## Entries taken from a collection
____

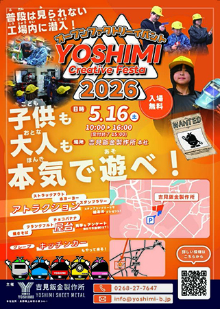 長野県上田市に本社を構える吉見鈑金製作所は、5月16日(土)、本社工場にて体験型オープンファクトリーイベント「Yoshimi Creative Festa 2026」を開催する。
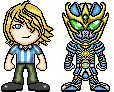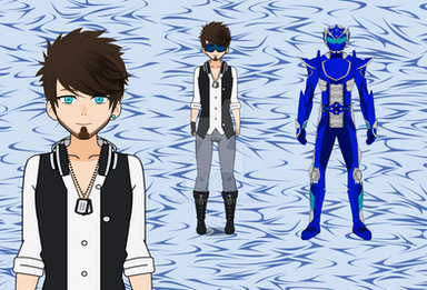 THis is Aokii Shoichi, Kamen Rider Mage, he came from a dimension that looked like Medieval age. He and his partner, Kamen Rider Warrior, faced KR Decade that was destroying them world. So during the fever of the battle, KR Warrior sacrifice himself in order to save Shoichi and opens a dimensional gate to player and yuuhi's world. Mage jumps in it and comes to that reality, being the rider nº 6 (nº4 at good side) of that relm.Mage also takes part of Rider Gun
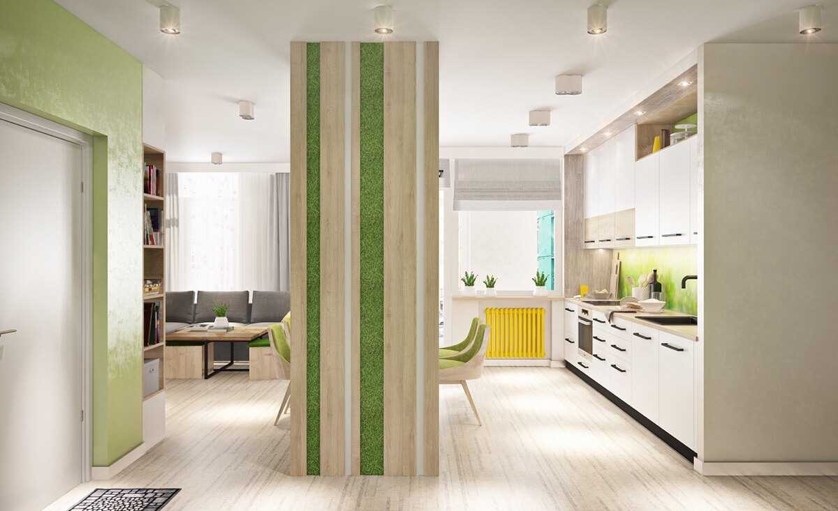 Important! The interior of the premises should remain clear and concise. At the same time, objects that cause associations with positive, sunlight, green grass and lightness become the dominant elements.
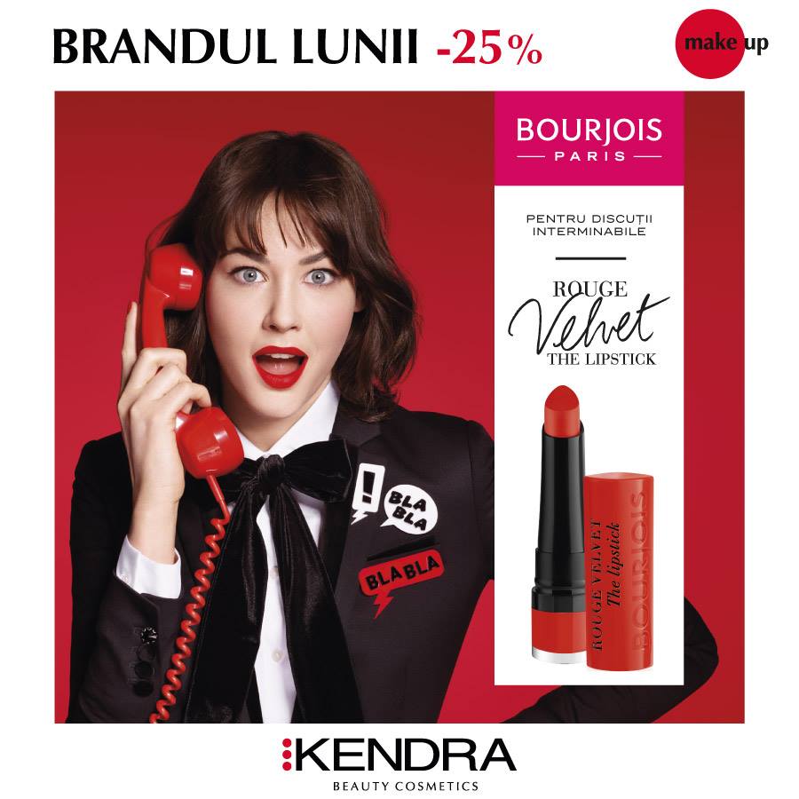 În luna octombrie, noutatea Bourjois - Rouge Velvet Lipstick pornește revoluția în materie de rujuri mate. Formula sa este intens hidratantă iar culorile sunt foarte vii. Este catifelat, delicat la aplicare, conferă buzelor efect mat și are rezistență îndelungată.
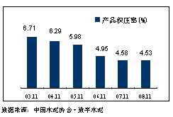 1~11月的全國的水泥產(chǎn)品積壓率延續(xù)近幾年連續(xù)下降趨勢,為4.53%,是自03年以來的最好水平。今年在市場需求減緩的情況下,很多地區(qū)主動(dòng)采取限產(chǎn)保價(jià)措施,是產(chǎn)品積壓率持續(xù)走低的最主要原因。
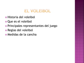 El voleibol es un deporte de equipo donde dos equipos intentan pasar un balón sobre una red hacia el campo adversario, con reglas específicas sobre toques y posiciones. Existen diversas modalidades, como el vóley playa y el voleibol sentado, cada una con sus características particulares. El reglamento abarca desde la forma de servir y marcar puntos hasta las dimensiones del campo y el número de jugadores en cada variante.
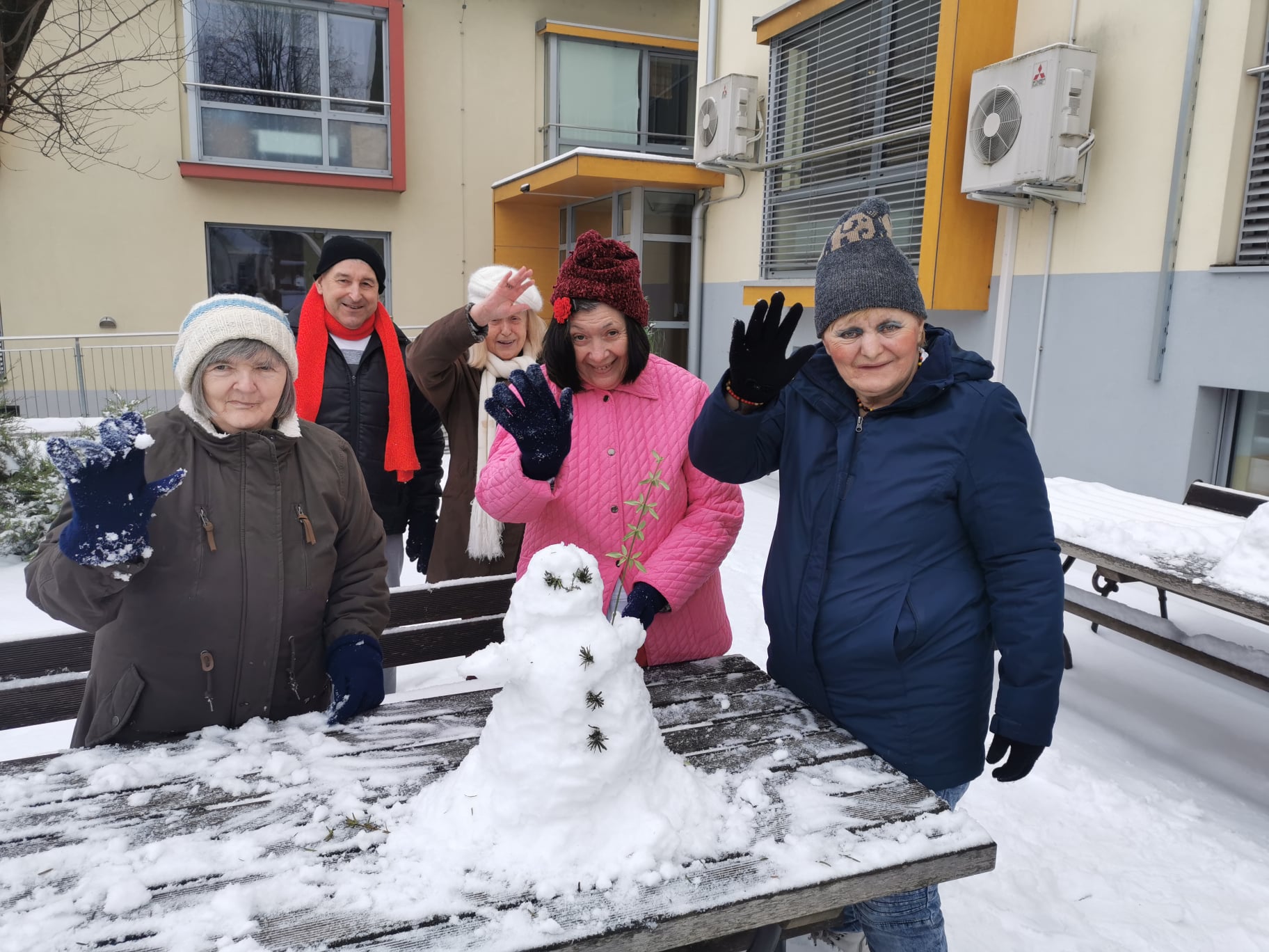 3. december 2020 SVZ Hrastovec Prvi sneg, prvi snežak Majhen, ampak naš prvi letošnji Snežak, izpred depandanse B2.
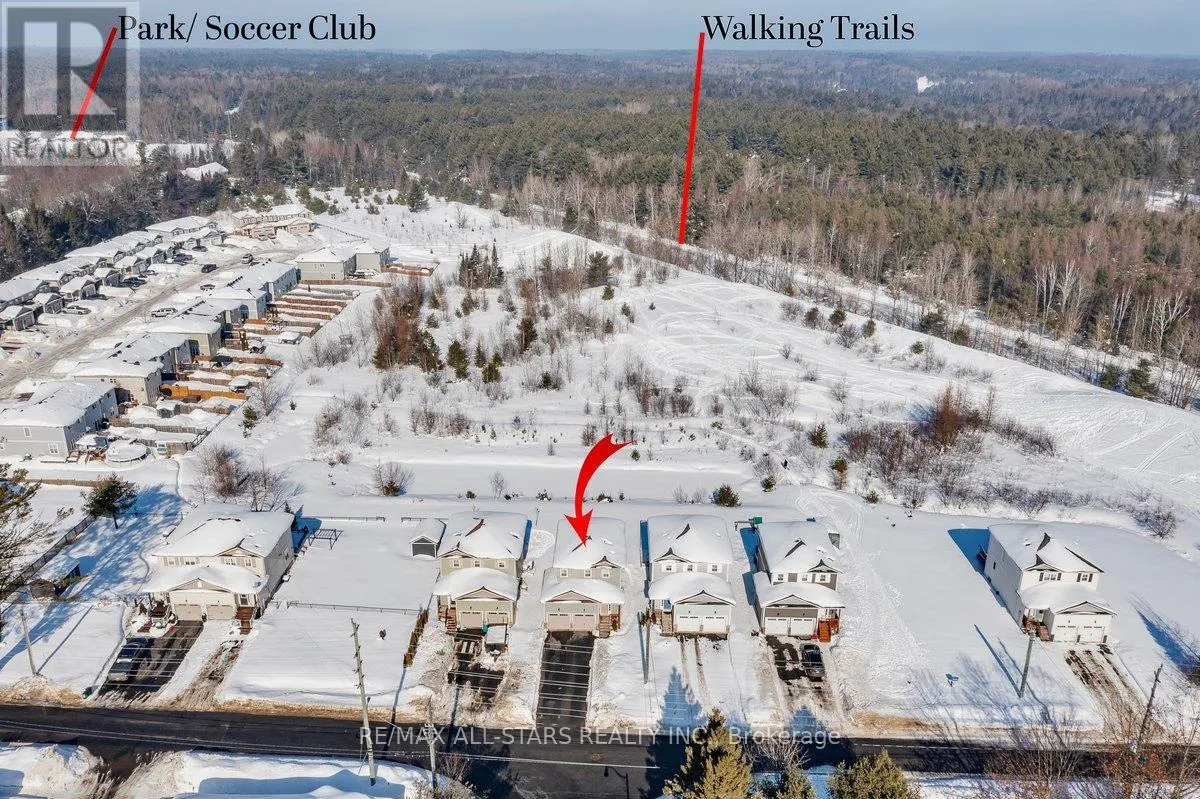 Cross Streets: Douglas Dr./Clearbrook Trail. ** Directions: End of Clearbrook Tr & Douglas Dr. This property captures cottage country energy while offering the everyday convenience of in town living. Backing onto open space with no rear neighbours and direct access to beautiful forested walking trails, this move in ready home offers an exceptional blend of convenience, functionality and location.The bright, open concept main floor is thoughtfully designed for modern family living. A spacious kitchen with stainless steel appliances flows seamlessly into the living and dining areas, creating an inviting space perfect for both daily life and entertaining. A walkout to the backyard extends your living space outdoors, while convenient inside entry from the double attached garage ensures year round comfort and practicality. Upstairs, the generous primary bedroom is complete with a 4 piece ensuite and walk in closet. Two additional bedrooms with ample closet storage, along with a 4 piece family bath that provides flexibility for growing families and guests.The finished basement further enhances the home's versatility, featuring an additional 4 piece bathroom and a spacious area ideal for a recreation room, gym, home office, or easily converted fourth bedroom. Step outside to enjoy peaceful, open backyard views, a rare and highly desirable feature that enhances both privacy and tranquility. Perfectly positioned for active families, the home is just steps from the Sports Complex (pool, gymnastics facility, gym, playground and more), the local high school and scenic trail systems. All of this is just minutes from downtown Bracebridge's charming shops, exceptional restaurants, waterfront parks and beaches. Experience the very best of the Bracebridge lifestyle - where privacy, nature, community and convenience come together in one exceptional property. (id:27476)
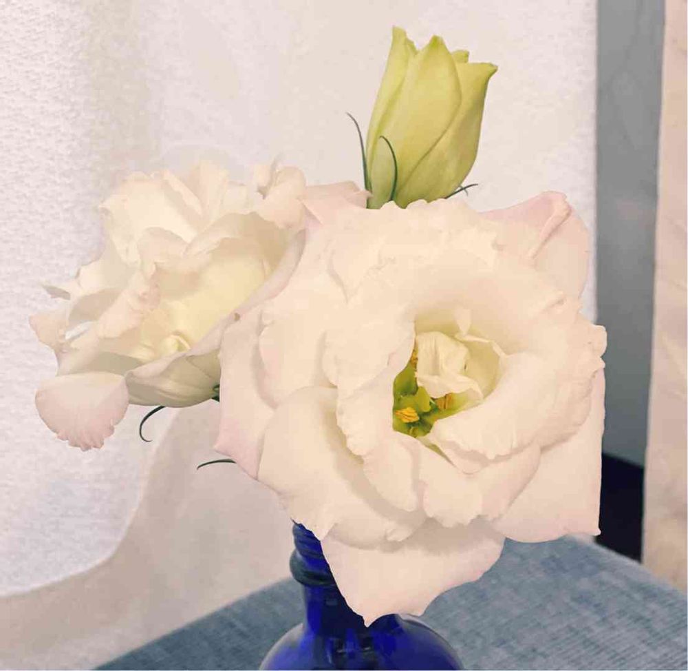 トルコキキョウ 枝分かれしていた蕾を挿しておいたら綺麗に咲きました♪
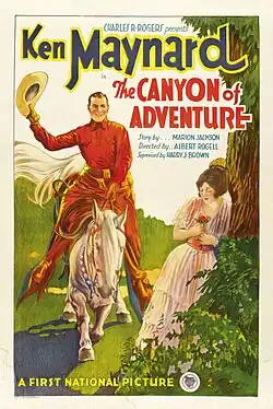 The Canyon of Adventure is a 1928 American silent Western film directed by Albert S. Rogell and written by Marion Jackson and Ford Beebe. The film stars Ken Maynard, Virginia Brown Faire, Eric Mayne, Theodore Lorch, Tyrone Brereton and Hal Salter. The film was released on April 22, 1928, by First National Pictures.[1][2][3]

____

## Exercise details
Your answer must be the entries repeated exactly, with no pictures.

## Task output
 長野県上田市に本社を構える吉見鈑金製作所は、5月16日(土)、本社工場にて体験型オープンファクトリーイベント「Yoshimi Creative Festa 2026」を開催する。
 THis is Aokii Shoichi, Kamen Rider Mage, he came from a dimension that looked like Medieval age. He and his partner, Kamen Rider Warrior, faced KR Decade that was destroying them world. So during the fever of the battle, KR Warrior sacrifice himself in order to save Shoichi and opens a dimensional gate to player and yuuhi's world. Mage jumps in it and comes to that reality, being the rider nº 6 (nº4 at good side) of that relm.Mage also takes part of Rider Gun
 Important! The interior of the premises should remain clear and concise. At the same time, objects that cause associations with positive, sunlight, green grass and lightness become the dominant elements.
 În luna octombrie, noutatea Bourjois - Rouge Velvet Lipstick pornește revoluția în materie de rujuri mate. Formula sa este intens hidratantă iar culorile sunt foarte vii. Este catifelat, delicat la aplicare, conferă buzelor efect mat și are rezistență îndelungată.
 1~11月的全國的水泥產(chǎn)品積壓率延續(xù)近幾年連續(xù)下降趨勢,為4.53%,是自03年以來的最好水平。今年在市場需求減緩的情況下,很多地區(qū)主動(dòng)采取限產(chǎn)保價(jià)措施,是產(chǎn)品積壓率持續(xù)走低的最主要原因。
 El voleibol es un deporte de equipo donde dos equipos intentan pasar un balón sobre una red hacia el campo adversario, con reglas específicas sobre toques y posiciones. Existen diversas modalidades, como el vóley playa y el voleibol sentado, cada una con sus características particulares. El reglamento abarca desde la forma de servir y marcar puntos hasta las dimensiones del campo y el número de jugadores en cada variante.
 3. december 2020 SVZ Hrastovec Prvi sneg, prvi snežak Majhen, ampak naš prvi letošnji Snežak, izpred depandanse B2.
 Cross Streets: Douglas Dr./Clearbrook Trail. ** Directions: End of Clearbrook Tr & Douglas Dr. This property captures cottage country energy while offering the everyday convenience of in town living. Backing onto open space with no rear neighbours and direct access to beautiful forested walking trails, this move in ready home offers an exceptional blend of convenience, functionality and location.The bright, open concept main floor is thoughtfully designed for modern family living. A spacious kitchen with stainless steel appliances flows seamlessly into the living and dining areas, creating an inviting space perfect for both daily life and entertaining. A walkout to the backyard extends your living space outdoors, while convenient inside entry from the double attached garage ensures year round comfort and practicality. Upstairs, the generous primary bedroom is complete with a 4 piece ensuite and walk in closet. Two additional bedrooms with ample closet storage, along with a 4 piece family bath that provides flexibility for growing families and guests.The finished basement further enhances the home's versatility, featuring an additional 4 piece bathroom and a spacious area ideal for a recreation room, gym, home office, or easily converted fourth bedroom. Step outside to enjoy peaceful, open backyard views, a rare and highly desirable feature that enhances both privacy and tranquility. Perfectly positioned for active families, the home is just steps from the Sports Complex (pool, gymnastics facility, gym, playground and more), the local high school and scenic trail systems. All of this is just minutes from downtown Bracebridge's charming shops, exceptional restaurants, waterfront parks and beaches. Experience the very best of the Bracebridge lifestyle - where privacy, nature, community and convenience come together in one exceptional property. (id:27476)
 トルコキキョウ 枝分かれしていた蕾を挿しておいたら綺麗に咲きました♪
 The Canyon of Adventure is a 1928 American silent Western film directed by Albert S. Rogell and written by Marion Jackson and Ford Beebe. The film stars Ken Maynard, Virginia Brown Faire, Eric Mayne, Theodore Lorch, Tyrone Brereton and Hal Salter. The film was released on April 22, 1928, by First National Pictures.[1][2][3]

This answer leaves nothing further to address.